Tetrodotoxin (anhydrotetrodotoxin 4-epitetrodotoxin, tetrodonic acid, TTX) is a potent
neurotoxin with no known antidote, which blocks
action potentials in
nerves by binding to the
pores of the
voltage-gated, fast
sodium channels in
nerve cell membranes.
[1] The
binding site of this toxin is located at the pore opening of the voltage-gated Na
+ channel. Its name derives from
Tetraodontiformes, the name of the order that includes the
pufferfish,
porcupinefish,
ocean sunfish or mola, and
triggerfish, several species of which carry the toxin. Although tetrodotoxin was discovered in these fish and found in several other animals (e.g.,
Blue-ringed Octopus,
Rough-skinned newt), it is actually the product of certain
bacteria such as
Pseudoalteromonas tetraodonis, certain species of
Pseudomonas and
Vibrio, as well as some others.
Its mechanism was discovered in the early 1960s by Toshio Narahashi working at Duke University.

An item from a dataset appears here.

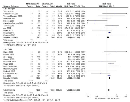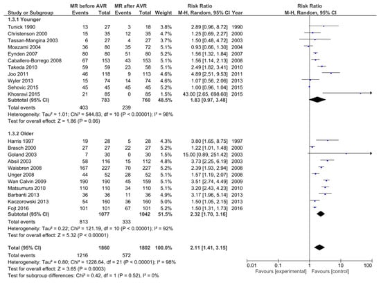 The decrease in MR severity postoperatively was also evident with composite outcome of moderate/severe MR (RR, 2.11; 95% CI 1.41–3.15; p = 0.0003; I² = 98%), although this time with marked inter-study heterogeneity. Subgroup analysis considering younger and older patients showed that the effect was significant only in older patients (2.32; 95% CI 1.70–3.16; p < 0.00001) but not in younger patients (1.83; 95% CI 0.97–3.48; p = 0.06) (Figure 4).

Tetrodotoxin has also been isolated from widely differing animal species, including western newts of the genus Taricha (where it was termed "tarichatoxin"), parrotfish, toads of the genus Atelopus, several species of blue-ringed octopuses of the genus Hapalochlaena (where it was called "maculotoxin"), several starfish, an angelfish, a polyclad flatworm, several species of Chaetognatha (arrow worms), several nemerteans (ribbonworms) and several species of xanthid crabs. The toxin is variously used as a defensive biotoxin to ward off predation, or as both a defensive and predatory venom (the octopodes, chaetognaths and ribbonworms). Tarichatoxin and maculotoxin were shown to be identical to tetrodotoxin in 1964 and 1978, respectively. Recent evidence has shown the toxin to be produced by bacteria within blue-ringed octopuses.[2] The most common source of bacteria associated with TTX production is 'Vibrio' bacteria, with Vibrio alginolyticus being the most common species. Pufferfish,[3] chaetognaths,[4] and nemerteans[5] have been shown to contain Vibrio alginolyticus and TTX.
Tetrodotoxin binds to what is known as site 1 of the fast voltage-gated sodium channel. Site 1 is located at the extracellular pore opening of the ion channel. The binding of any molecules to this site will temporarily disable the function of the ion channel. Saxitoxin and several of the conotoxins also bind the same site.